# Classroom training registration...It's full and on waitlist



## Vintage Sounds (Oct 23, 2009)

Happens all the time. Sucks, but there's nothing you can do except find out if there's a cancellation on starting day.


----------



## 211mike70 (May 18, 2015)

It took the ministry 2 weeks to mail the letter to me, was dated July 16th. This may be a bit conspiracy Theory of me, but I wonder how quickly they sent out the letters to the unionized apprentices?


----------



## wcord (Jan 23, 2011)

Ontario must be behind the times. Here in Manitoba, everything is emailed, and snail mail follows up later.


----------



## MorePaint (Feb 23, 2015)

My letters always got to the house 2 weeks later than the mailing date aswell. 

I was always on the waiting list for Georgian-midland, I don't think it filled as quick as some closer to the city?
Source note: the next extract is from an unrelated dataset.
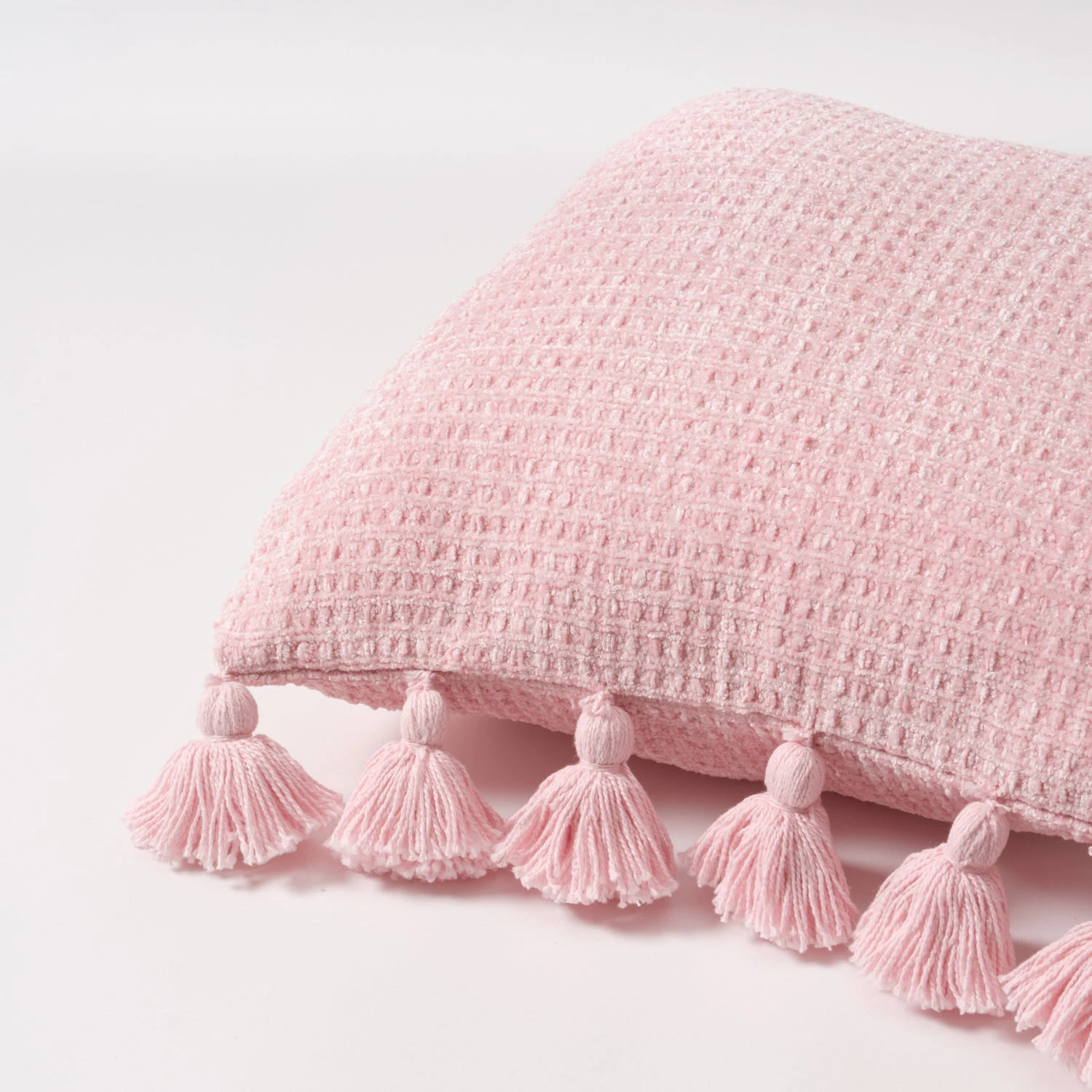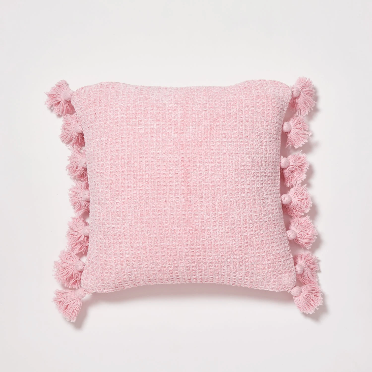 Up the softness in your space with this chenille accent pillow. The fuzzy texture of the fabric gives instant coziness, and the tassels surrounding the edge keep it interesting. Looks great alone, or as part of a pillow pile.
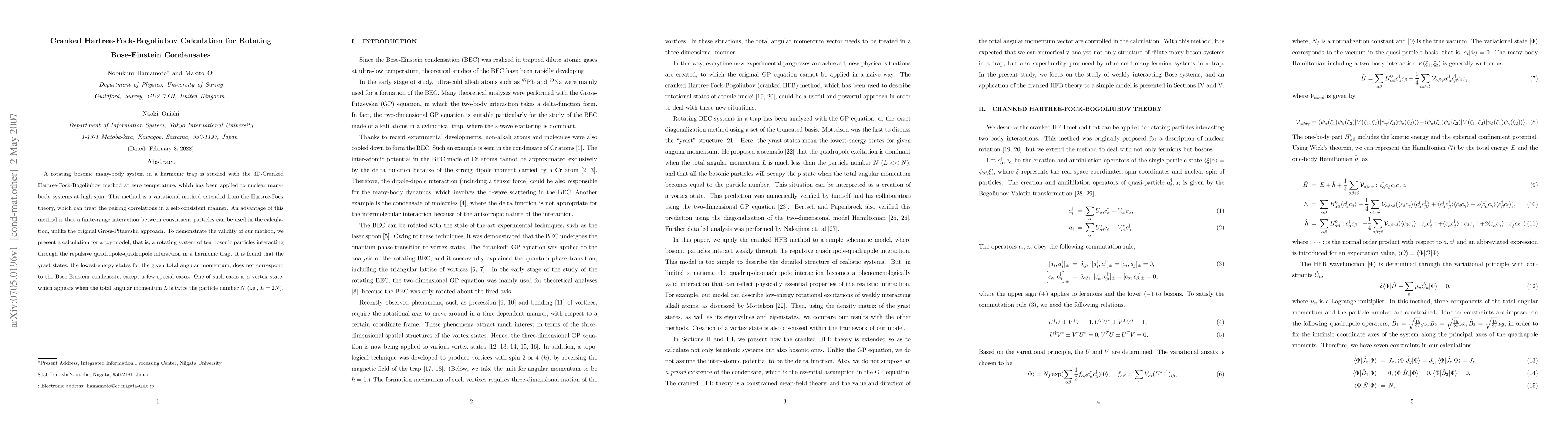 This paper applies the 3D-Cranked Hartree-Fock-Bogoliubov method to study rotating bosonic systems in a harmonic trap, demonstrating its effectiveness through a ten-boson model with repulsive quadrupole-quadrupole interactions. The method reveals that yrast states do not always correspond to the Bose-Einstein condensate, except in special cases like the vortex state when angular momentum is twice the particle number.

it did take two years for me to even get my first letter.. Then they come a few times a year. 

Good luck!


----------



## 99cents (Aug 20, 2012)

Ontario doesn't have on-line education? Seems dumb when you can get a degree through distance learning.


----------



## Sparky Girl (Apr 15, 2015)

When I applied for the IBEW apprentice program, back in 1973, I waited for a couple of months and, after nothing but silence, figured there was no chance they were about to break tradition.

About the same time I gave up, I got a letter that said, "Due to your test score, you will not be considered for any further consideration this year."

I never took a test so I figured this was their way of saying "fat chance you'll ever get in".

About a month later I got two letters in the mail. One gave me the date for my test. The other for my interview.

One of the guys in my apprentice class, whose dad was a contractor, told me they went through the first list and couldn't find 20 applicants that the board liked. 

You never know...


----------



## 211mike70 (May 18, 2015)

Got a call from Conestoga College letting me know that there was an opening in the class and that I was first on the wait list. When I went on-line to register the class was full again...so much for being first on the wait list....****ing idiots.


----------